Monday, Mar. 03, 1958

Turn for Glory

Australia's national swimming championships last week wound up a season that has left the record books in tatters. In seven weeks of competition, from the big New South Wales state meet to the nationals in Melbourne, Aussie youngsters had splashed to 31 new world marks. The incredible Konrads kids--Ilsa, 13, and John, 15 (TIME, Jan. 20)--accounted for 16 all by themselves. Awed Americans are beginning to wonder whether down-under champions are just born swimming in full career.

The Konradses (and just about every other competitor) can testify to the contrary. The pleasures of sun and sand on Australia's splendid beaches are among the first things that aspiring swimmers learn to forgo. The surf is too tiring; besides, there is no time for such fun. Nor is there time for movies, dances and other teen-age pastimes. All winter, the Konradses spend their spare moments at a wearing routine of bodybuilding exercises. All summer, they swim and swim and swim some more--always in pools, always under the critical eye of young (24) Coach Don Talbot.

A crew-cut teetotaler who grew up on the outskirts of Sydney, Talbot was a fair swimmer himself by the time he went to teachers college at Wagga Wagga. Now Talbot, who used to double as a grammar-school teacher, teaches swimming exclusively ($12 for ten 15-minute lessons with a beginner, $24 for six months with a competitor). His swimmers are his first concern. Says he, "You've got to really get close to them.
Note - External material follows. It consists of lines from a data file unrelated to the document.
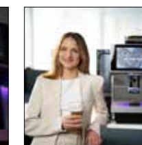
Macht vor allem im Büro eine gute Figur.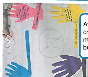
Proiectul Mere sănătoase inimi nezdobite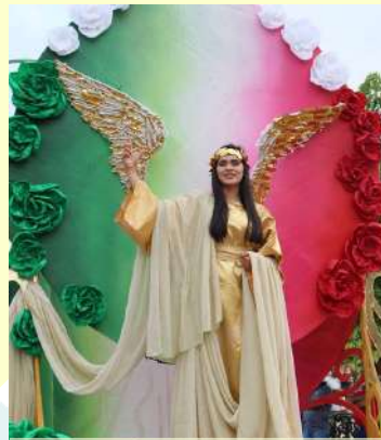
Organización del Desfile de Fiestas Patrias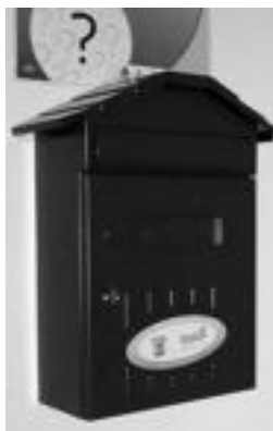
Abaltzisketako buzoia.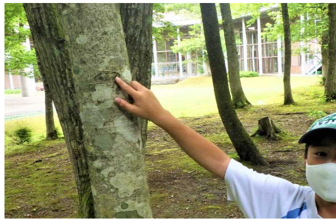
幹に「目」がある木を発見! お気に入りの木、見つけることができたね!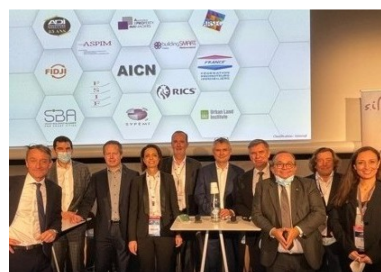
Les signataires de l'alliance au SIMI 2021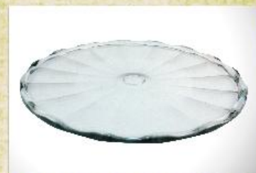
UD2663L Mod. Orion Prato para bolo, tortas, canapés, frios, aperitivos, carnes e outros 320mm (diam.) x 15mm (alt.)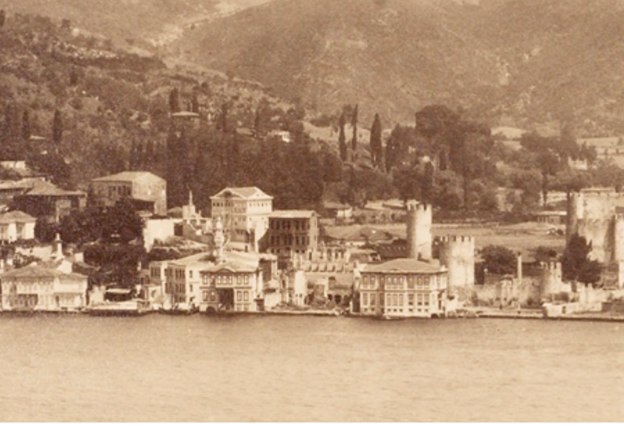
Şekil 6: 1883 yılına ait bu fotoğrafta caminin minaresinin yapım aşamasında olduğu etrafına kurulmuş iskeleden anlaşılmaktadır.

II. Abdülhamid dönemindeki 18 Ekim 1880 tarihli belgede çizilen plan ve mekân düzeni II. Mahmud döneminde düzenlenen 5 Aralık 1836 tarihli masraf defterinde tasvir edilmiştir. Dolayısıyla yapının II. Abdülhamid döneminde sahip olduğu plan ve mekân düzeninin II. Mahmud döneminde tasarlandığı, Sultan Abdülmecid döneminde de uygulamaya alındığı ortaya çıkmaktadır.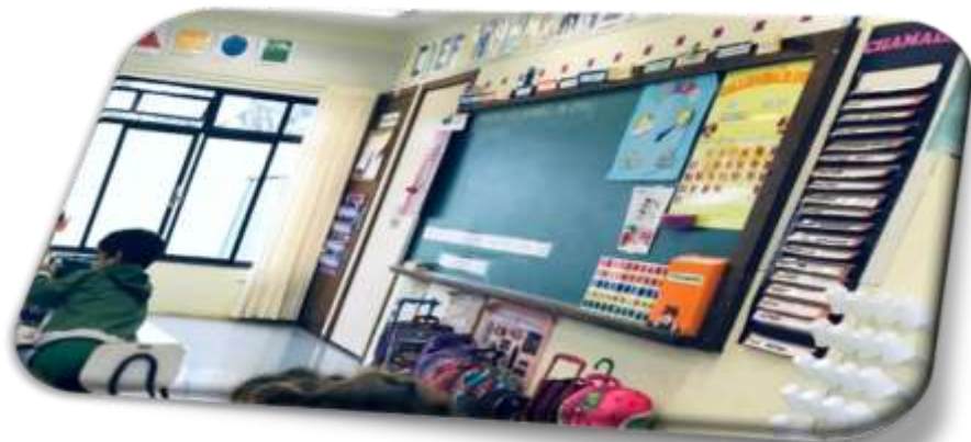
Figura 5: Cartazes e Organização da Sala

No ambiente da sala de aula, inicialmente, pude notar que o espaço físico da sala continha tipos de cartazes espalhados, tais como: calendário, ajudante do dia, regras da sala, chamada, tempo, alfabeto, gráficos e algumas produções da semana, como é possível perceber nas Figuras 5 e 6: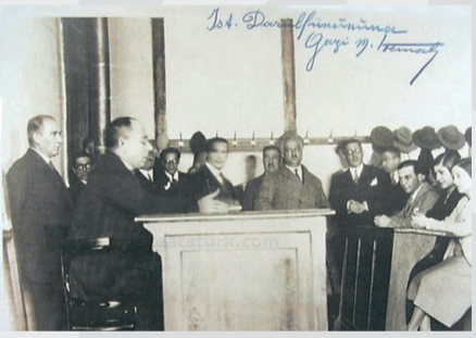
Atatürk'ün Darülfünun'u ziyareti (15 Aralık 1930)

"Hayatta en hakiki mürşit ilimdir, fendir." sözüyle Atatürk, sağlık ve tıp eğitimini salt uygulamaya değil, bilimsel araştırmaya dayanan bir sisteme dönüştürmeyi hedeflemiştir.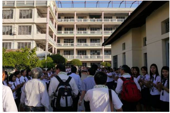
孔教學校(東區)學生列隊歡迎

You must be an adviser, friend and wailing wall." Coach Talbot goes to the lengths of prescribing intricate diets (e.g., wheat germ, lamb's fry and 15 vitamin pills a day), which his charges follow rigidly.
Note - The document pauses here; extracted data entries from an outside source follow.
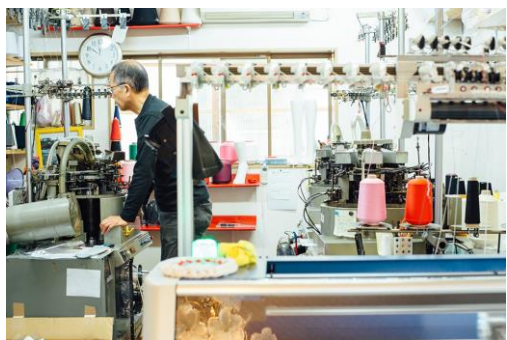
樋口メリヤス工業は、大阪府枚方市にある工房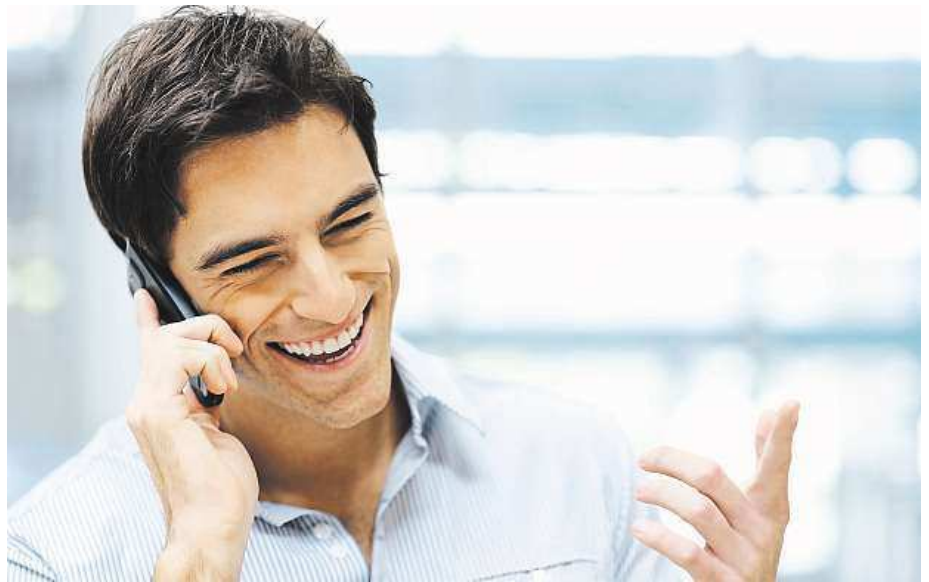
Kromě skvělých funkcí je Huawei také povedeným designovým kouskem.

Největší pozornost byla upřena na zdokonalení fotoaparátu, u nějž byl vůbec poprvé mezi mobilními telefony použit čtyřbarevný RGBW senzor. Ten se posta-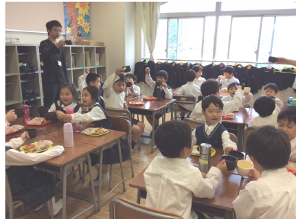
*おやつタイム 勉強を終えると、楽しくおやつをいただきます。 (課外が始まると、時間差になることもあります。)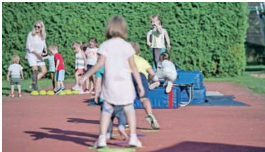
Otroci so se lahko zabavali ob številnih športnih dejavnostih.

Some Aussie coaches go to other extremes. Talbot's own teacher, Frank Guthrie, saw to it that Olympic Champ Lorraine Crapp, 19, got hormone injections to delay her menses before the women's 440-yd. final in Melbourne last week. Her arm aching from the injections, Lorraine finished fourth.

But for Don Talbot, everything worked. He convinced Ilsa Konrads that she would win the 880-yd. title, and though she was suffering from such a bad cold that every breath caused pain in her chest, she won in record time (10:16.2). He told John just how fast to swim each lap of both the 440 and the 1650, and saw John follow orders so closely that the youngster broke six world records on the way to winning both races. In the 1,650-yd. swim, John kicked along so well that he cracked four records before he finished the grind.

"I doubt that any of the other coaches could have done what Talbot has done," says one of Talbot's colleagues. "We shot our bolts producing an Olympic swimming team. Talbot was a nobody in those days. So he put all his enthusiasm and zeal into making champions of the Konradses. Now it's Talbot's turn for glory."